What needs to be done: Your answer must be only the lines below from the one containing "为什么ARM在智能手机上扮演" through the one containing "生活元素小方格色织全棉水洗四件套 粉色小方格 SZ-221C", copied exactly, with the pictures left out.

Source material:

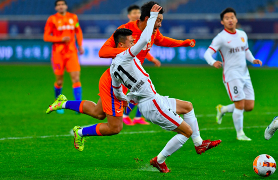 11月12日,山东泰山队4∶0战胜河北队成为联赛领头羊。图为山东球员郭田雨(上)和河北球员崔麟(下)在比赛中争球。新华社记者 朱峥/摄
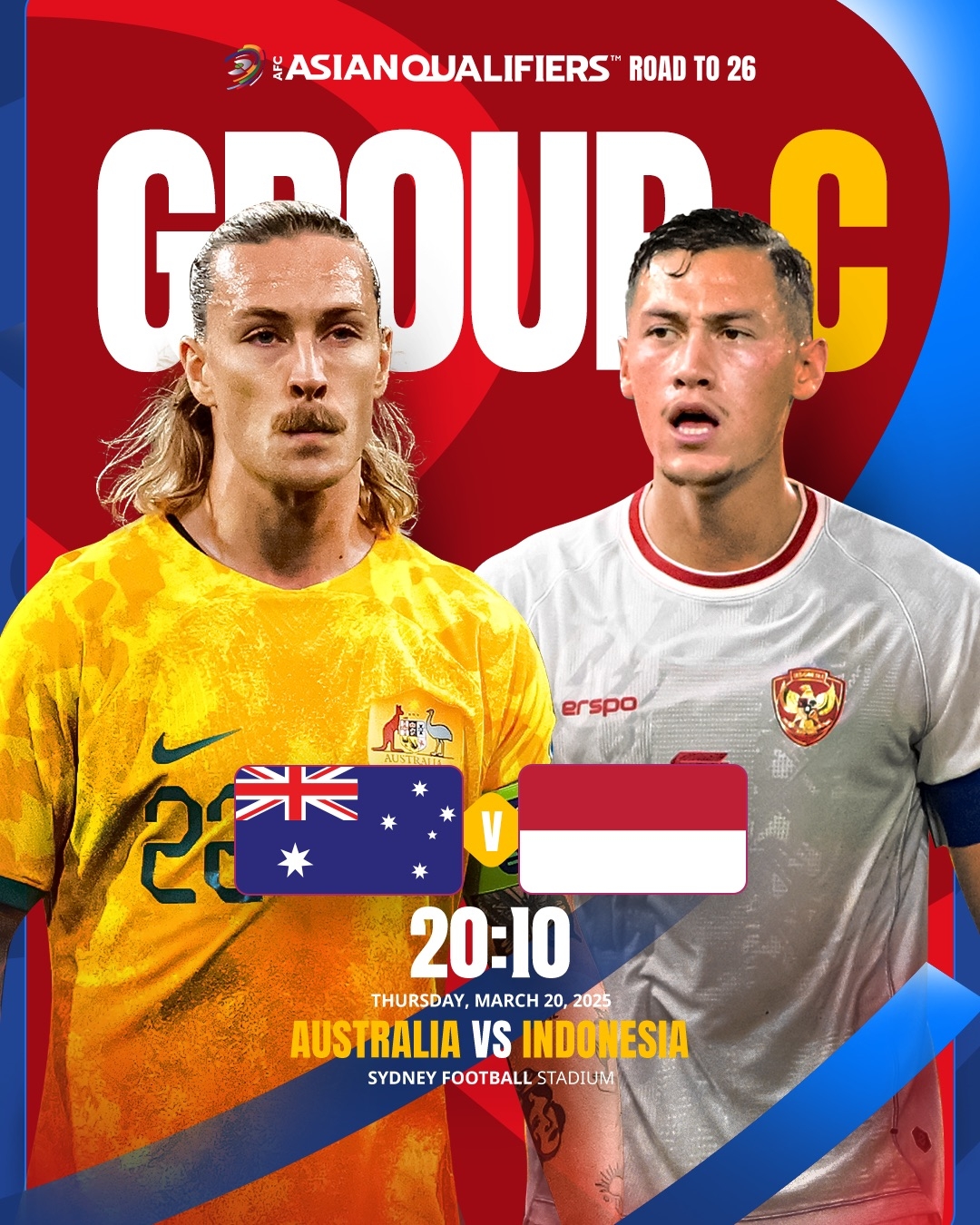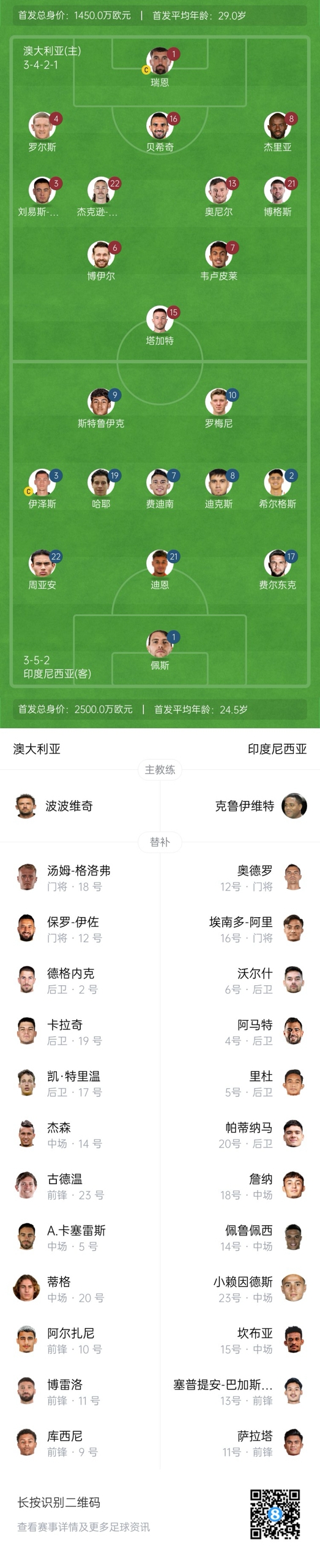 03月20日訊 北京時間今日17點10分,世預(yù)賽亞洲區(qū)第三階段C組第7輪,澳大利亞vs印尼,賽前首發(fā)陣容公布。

...

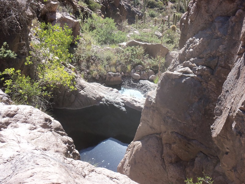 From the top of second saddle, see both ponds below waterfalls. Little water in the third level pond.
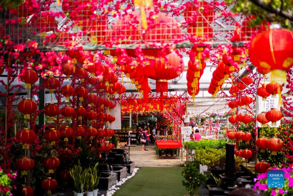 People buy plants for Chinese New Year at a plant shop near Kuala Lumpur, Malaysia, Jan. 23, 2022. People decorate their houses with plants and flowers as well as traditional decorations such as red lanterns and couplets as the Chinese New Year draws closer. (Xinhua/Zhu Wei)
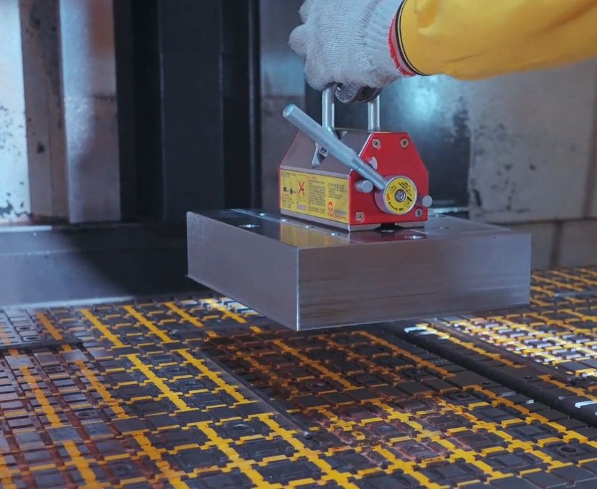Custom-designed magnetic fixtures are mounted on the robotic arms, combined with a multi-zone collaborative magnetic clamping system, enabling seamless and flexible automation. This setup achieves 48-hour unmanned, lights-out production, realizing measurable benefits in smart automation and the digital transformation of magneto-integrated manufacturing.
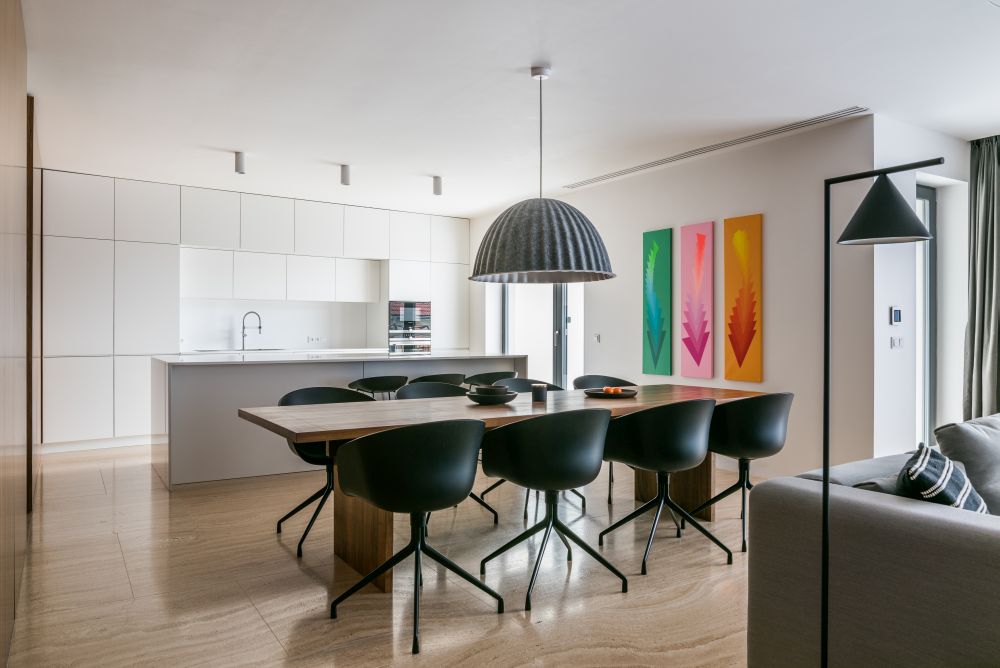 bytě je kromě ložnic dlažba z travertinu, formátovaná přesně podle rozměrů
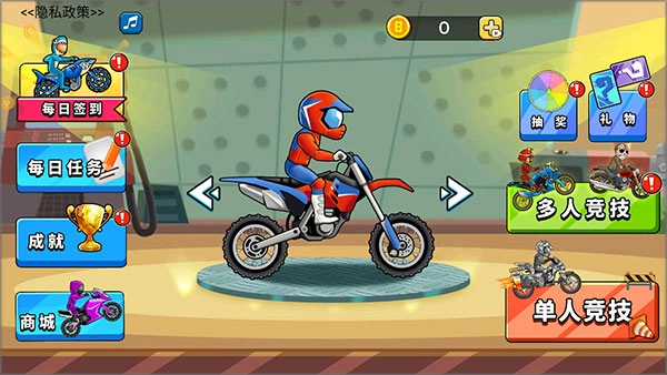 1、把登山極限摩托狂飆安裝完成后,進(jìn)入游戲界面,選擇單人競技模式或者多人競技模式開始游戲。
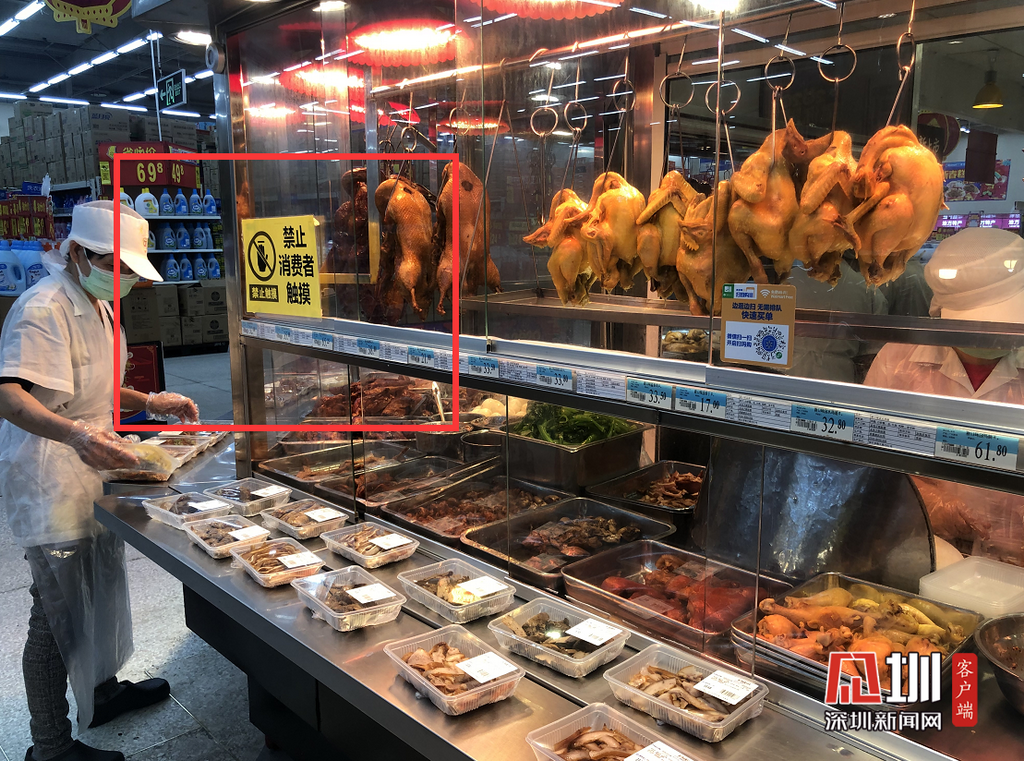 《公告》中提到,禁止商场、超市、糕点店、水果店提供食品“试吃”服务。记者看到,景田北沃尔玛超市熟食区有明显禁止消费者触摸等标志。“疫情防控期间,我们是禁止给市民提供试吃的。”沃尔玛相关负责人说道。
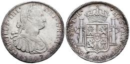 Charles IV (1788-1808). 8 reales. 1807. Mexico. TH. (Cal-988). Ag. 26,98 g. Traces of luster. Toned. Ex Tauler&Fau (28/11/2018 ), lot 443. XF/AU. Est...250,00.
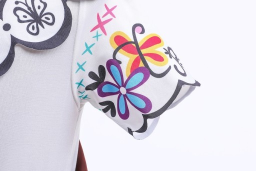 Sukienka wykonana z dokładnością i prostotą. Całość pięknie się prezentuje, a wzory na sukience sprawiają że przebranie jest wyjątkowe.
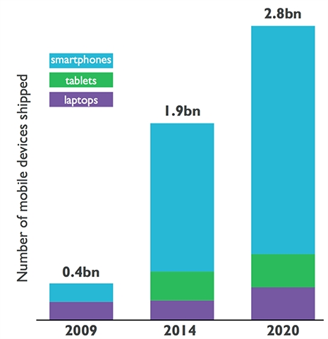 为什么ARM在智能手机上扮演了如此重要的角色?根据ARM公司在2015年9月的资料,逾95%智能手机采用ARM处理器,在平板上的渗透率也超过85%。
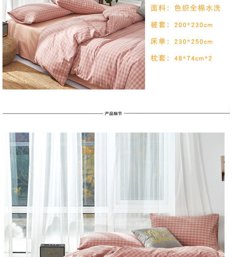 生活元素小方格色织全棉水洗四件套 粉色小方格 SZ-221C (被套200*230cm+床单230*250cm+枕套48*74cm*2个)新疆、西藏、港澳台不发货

Exercise result:
 为什么ARM在智能手机上扮演了如此重要的角色?根据ARM公司在2015年9月的资料,逾95%智能手机采用ARM处理器,在平板上的渗透率也超过85%。
 生活元素小方格色织全棉水洗四件套 粉色小方格 SZ-221C (被套200*230cm+床单230*250cm+枕套48*74cm*2个)新疆、西藏、港澳台不发货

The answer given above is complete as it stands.